On systemd systems, that's approximately:

- run systemd-tmpfiles when a package installs a tmpfiles.d snippet
  (this is added to the package's postinst by dh_installsystemd)

- run systemd-sysusers when a package installs a sysusers.d snippet
  (I don't think we have tools to add this to the postinst yet, because
  packages are currently meant to run adduser --system instead, but
  more-systemd-centric distributions probably already do this in their
  equivalent of the postinst)

- run systemd-tmpfiles during boot (this is systemd-tmpfiles-setup.service,
  part of systemd)

- run systemd-sysusers during boot (this is
  systemd-sysusers.service, part of systemd)

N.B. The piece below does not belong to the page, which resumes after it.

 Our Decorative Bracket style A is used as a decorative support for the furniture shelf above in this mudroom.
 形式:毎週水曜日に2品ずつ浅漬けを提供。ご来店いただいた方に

The opentmpfiles and opensysusers packaging will need to arrange to do
something analogous, most likely in cooperation with dh_installsystemd
or some other debhelper step for the first two points, and with LSB init
scripts for the tasks where systemd uses one-shot services.

So in Ubuntu we got this interesting bug https://bugs.launchpad.net/ubuntu/+source/haproxy/+bug/1855140 which can be summarized as saying that haproxy doesn't work out of the box in a docker container, because it installs a tmpfiles.d snippet but nothing processes it (I haven't tried, but I very much expect that the behaviour is the same between Debian and Ubuntu here).

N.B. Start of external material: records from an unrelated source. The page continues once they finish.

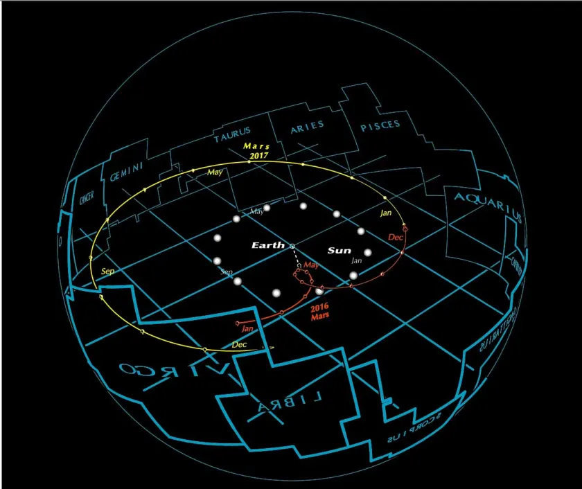 地球在中间;春分的方向是向右的;黄点的斑点是每月初的太阳。
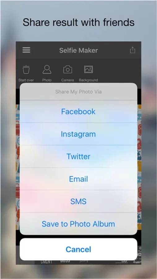 - Share the result image with your friends using Twitter, Facebook, Instagram, Email, SMS or save the result image to your Photos.
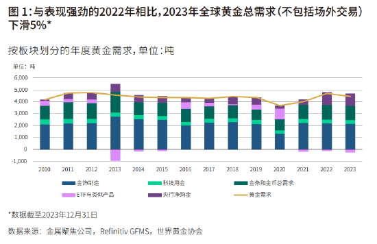 2023年全球黄金总需求下滑5%,全年黄金总供应量同比增加3%
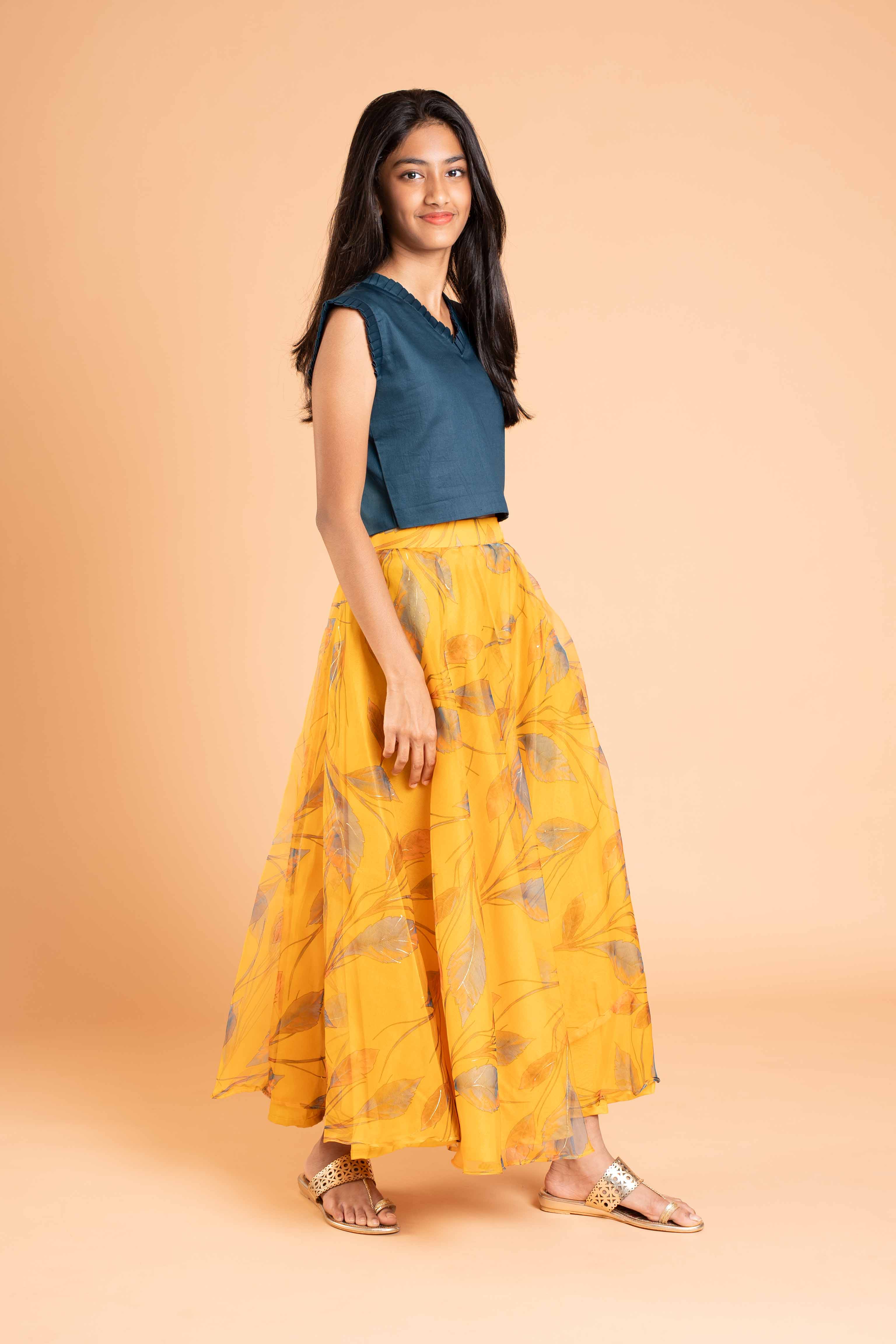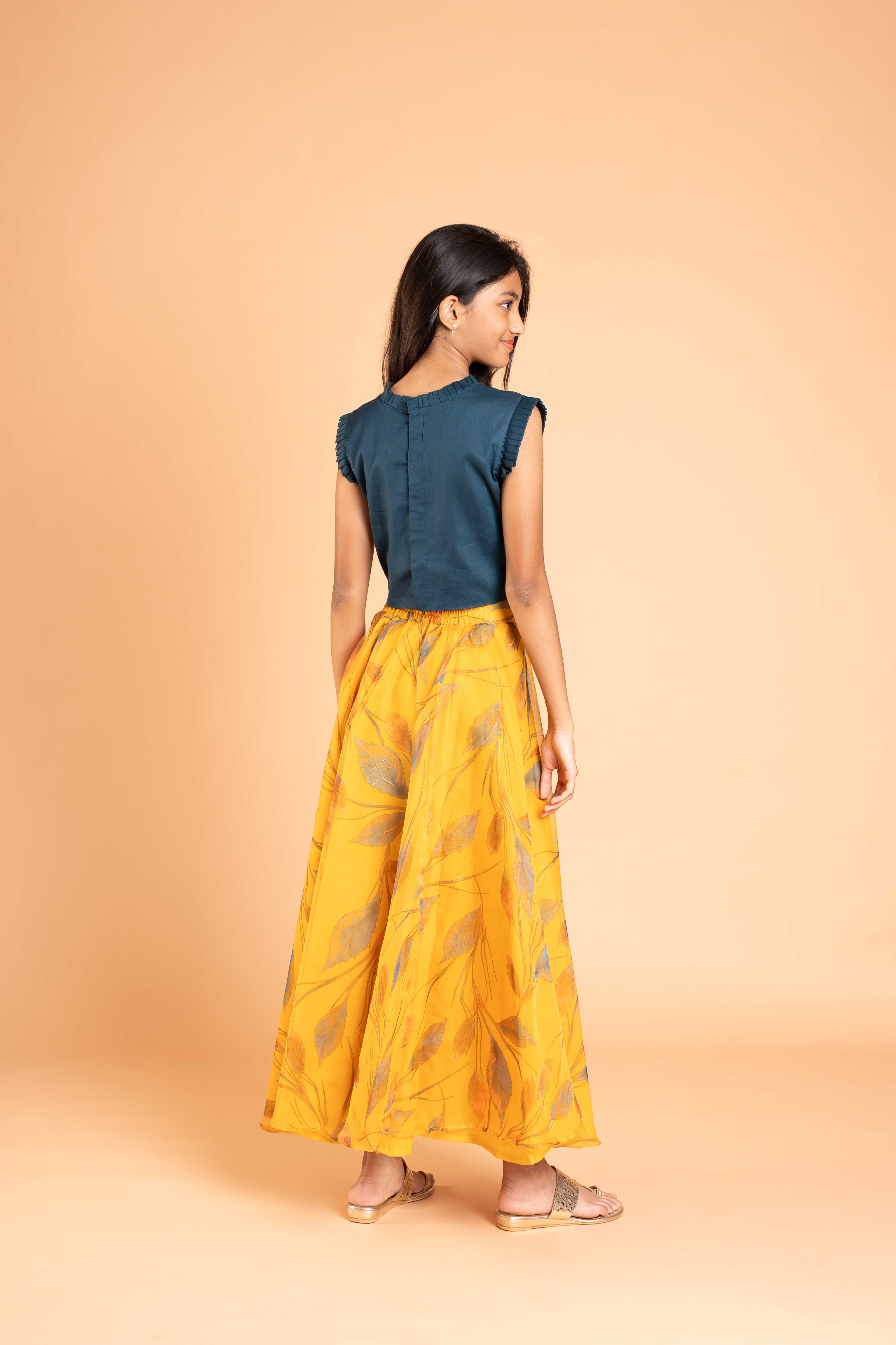This is a two piece set with Umbrella cut flared lehenga with fusion style crop top

On the face of it, this is a bug in the package: it depends for its operation on a package not listed in Depends but making the package depend on systemd wouldn't actually be very useful for getting it running in docker, for a few reasons. I think it would be better to change debhelper:

 * to add "systemd | opentmpfiles" to misc:Depends whenever a package installs a tmpfiles.d snippet
 * stop checking for -d /run/systemd/system in autoscripts/postinst-init-tmpfiles and check for systemd-tmpfiles / opentmpfiles in $PATH instead (and using the one that is found, obviously)

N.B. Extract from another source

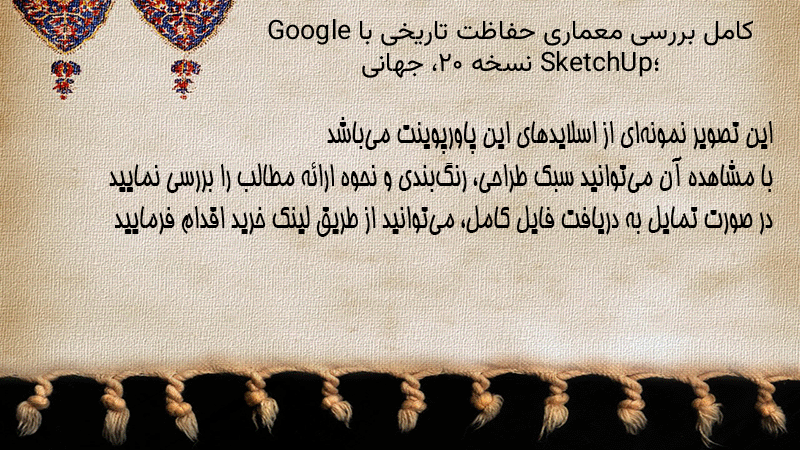پاورپوینت کامل بررسی معماری حفاظت تاریخی با Google SketchUp؛ نسخه ۲۰، جهانی
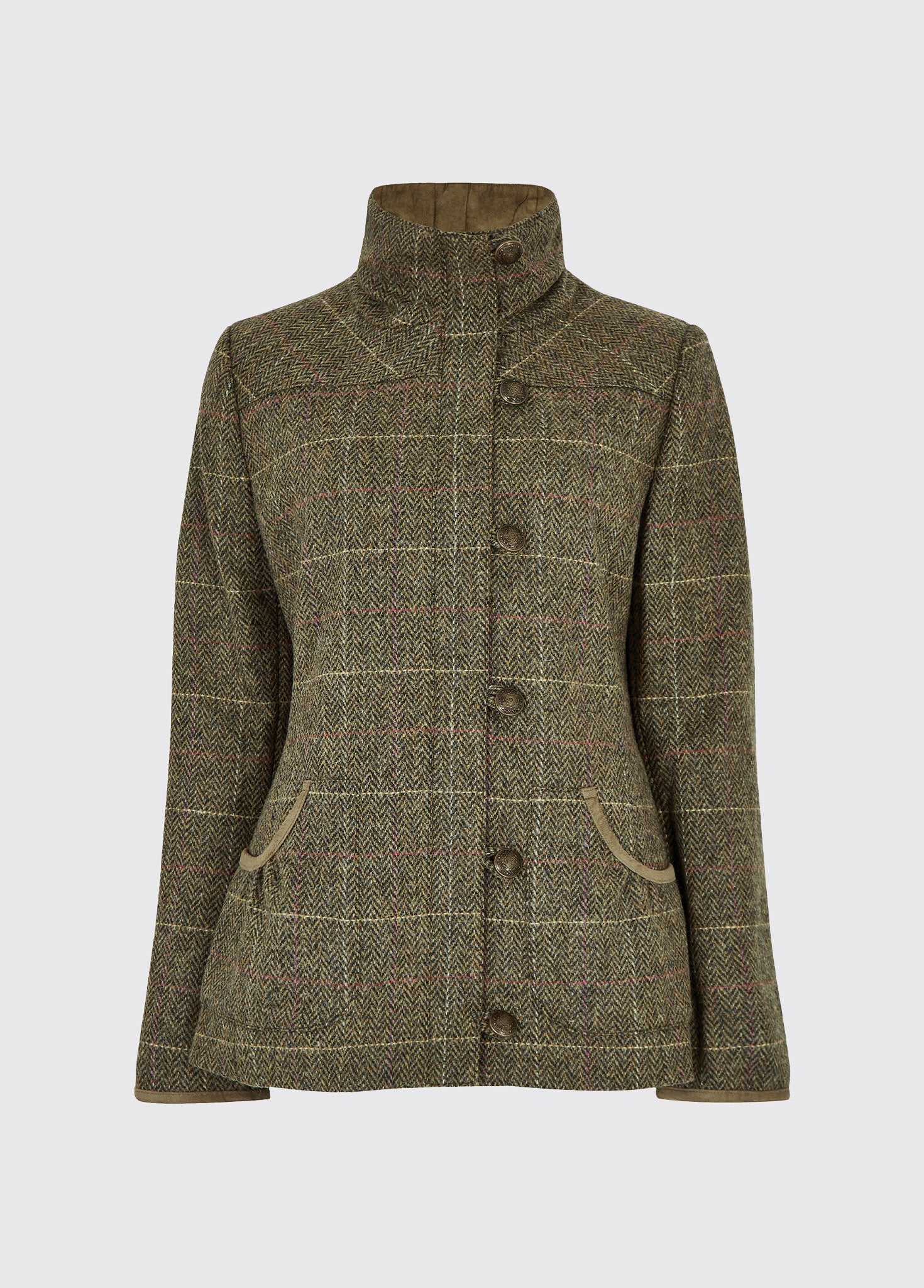 The Bracken is a smart women's tweed sporting jacket available in a variety of tweed colours. A Teflon coated 100% wool exterior repels showers and a storm flap fastened off center with eye-catching cast metal buttons hides a full-length zip which extends to the stand-up collar, to keep out chills. A great match with jeans and Dubarry country boots the Bracken is a very wearable jacket with deep gathered pockets that you'll find being used day in day out.

Obviously there are a few variations on the above, like:

 * splitting a systemd-tmpfiles package out of the systemd package first
 * change systemd(-tmpfiles) and opentmpfiles to Provides: tmpfiles and use alternatives to provide /usr/bin/tmpfiles, have debhelper reference these instead

But the approach I outlined seems simplest and easiest to implement. Does it make sense to people here? I can try to work on a patch (although my perl isn't the greatest).